The pathogen causing Lyme disease (LD) was first identified in vector ticks in 1982, and then in US patients in 1983, as a spirochete bacterium later named Borrelia burgdorferi. Borrelia burgdorferi sensu stricto (Bbss) is the principal species responsible for LD in the US [45,46]. Other species of the genus Borrelia termed Lyme Disease Borreliae (LDB), or alternatively Borrelia burgdorferi sensu lato, are now known to cause LD in many temperate zone countries [45,46]. Some clinical manifestations of LD are shared with tick-borne relapsing fever (TBRF) caused by a different group of Borrelia species termed relapsing fever Borreliae (RFB) [45,47], and indeed with non-borrelial tick-borne diseases [48]. TBRF is prevalent in both tropical and temperate climates in many parts of the world [45,47].

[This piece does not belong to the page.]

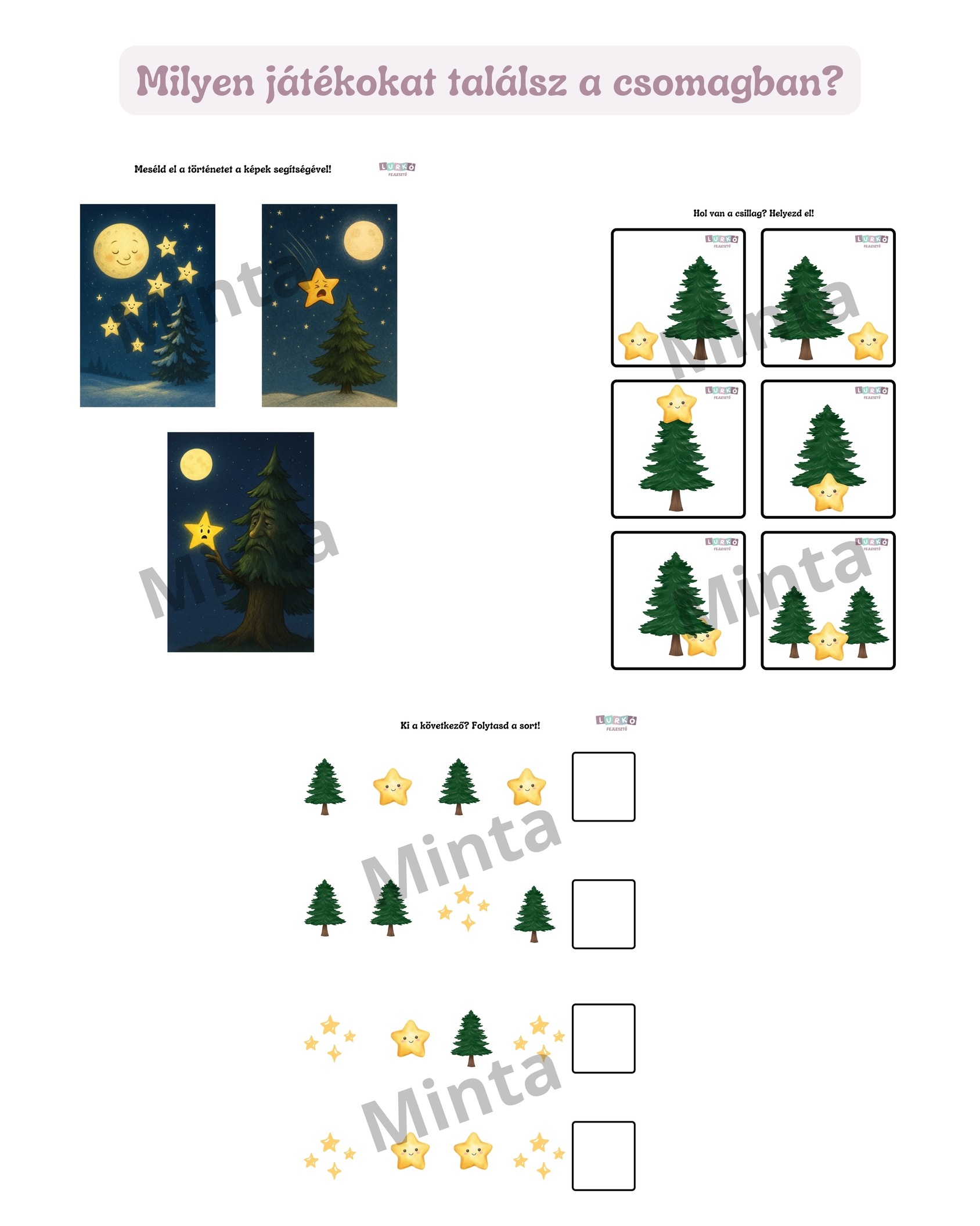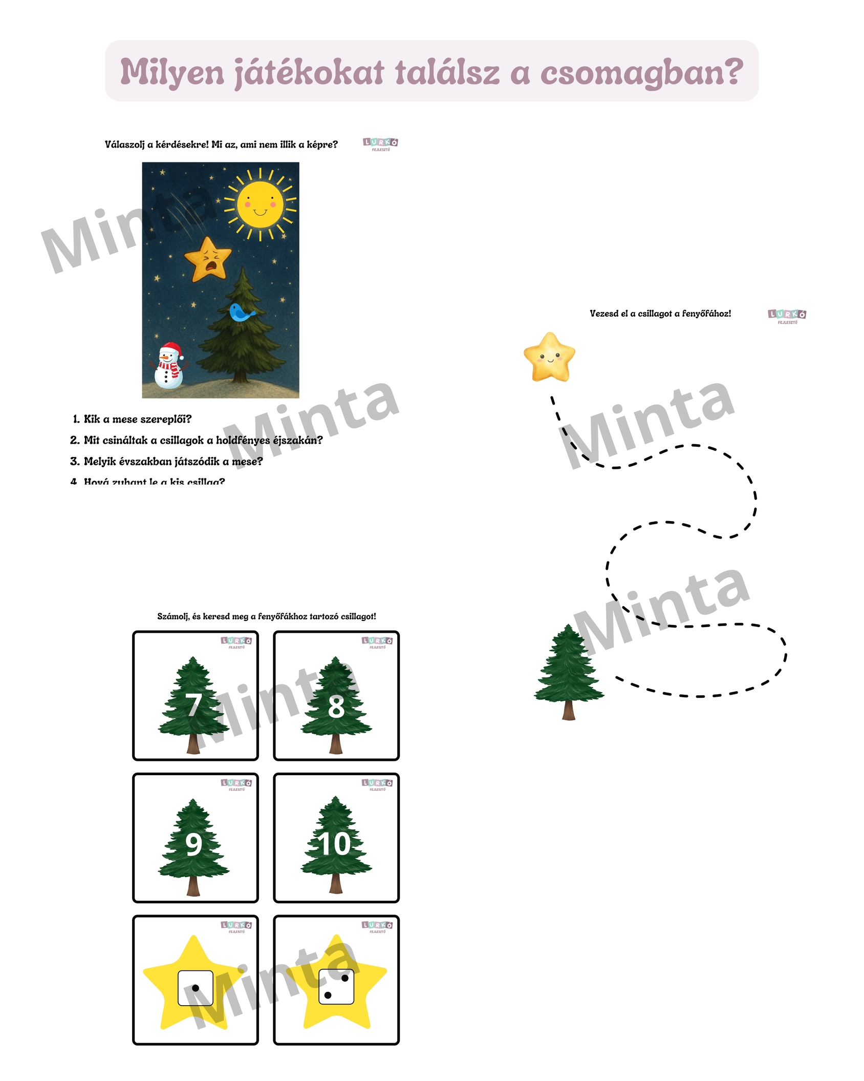 Ez a játékcsomag a „Mióta van csillag a karácsonyfák tetején?” című meséhez kapcsolódó, játékos feldolgozást kínál. A feladatok segítik a mese megértését, az élmények feldolgozását és többféle fejlesztési területet érintenek, miközben végig a történethez kapcsolódnak.

Importance of serological tests in the diagnosis of LD and TBRF and the implications of recent findings with the tests

In the absence of distinct pathognomonic features, other than erythema migrans at the site of a tick bite which is frequently not noticed, a diagnosis of LD relies heavily on laboratory confirmation of infection. Because LDB are often present at low concentrations in blood, the detection of antibodies in patient sera became the preferred laboratory diagnostic method for LD [45,49]. The recommendation from the US National Conference on Serologic Diagnosis of Lyme Disease meeting in 1994 of a standard two-tier test (STTT) for the serological diagnosis of LD was an important diagnostic advance [49]. The first tier of the STTT is an enzyme immunoassay (EIA) or immunofluorescence assay (IFA) on whole Bbss cell antigens, followed by a second-tier confirmatory western blot (WB) on whole Bbss cell lysates for sera that give positive or equivocal results in the first-tier test [49]. The rationale for the STTT was that the first tier EIA or IFA was highly sensitive but inadequately specific, while the second tier WB was highly specific for detecting serum antibodies to LDB [49]. Drawbacks to STTTs include the need for the cumbersome WB procedure and variable sensitivity for detecting infections with LDB species other than Bbss, both of which can be overcome by using relevant pure proteins as target antigens [45]. As a result, the CDC has been approving modified two-tier tests (MTTTs) amenable to machine reading of results in the US since 2019 [50].

Line immunoblots (IBs), based on pure proteins produced by recombinant DNA technology and applied as lines on blotting media strips, have supported the diagnosis of LD in European laboratories from the beginning of this century [45]. LD IB tests used as potential single tier tests had comparable sensitivity and specificity to STTTs and were also able to detect antibodies against common European LDB species [45,51]. LD IB tests have led to the development of analogous TBRF IB tests that detect RFB-specific antigens [45,52]. The use of TBRF IBs to test patients identified with LD-like symptoms in Ukraine, Australia and the US strongly suggested the many of them had TBRF and not LD [45,52]. Testing of patient sera in parallel in both LD and TBRF IBs, as illustrated in Figure 5, may therefore provide a more definitive diagnosis of tick-borne borreliosis worldwide [45,52].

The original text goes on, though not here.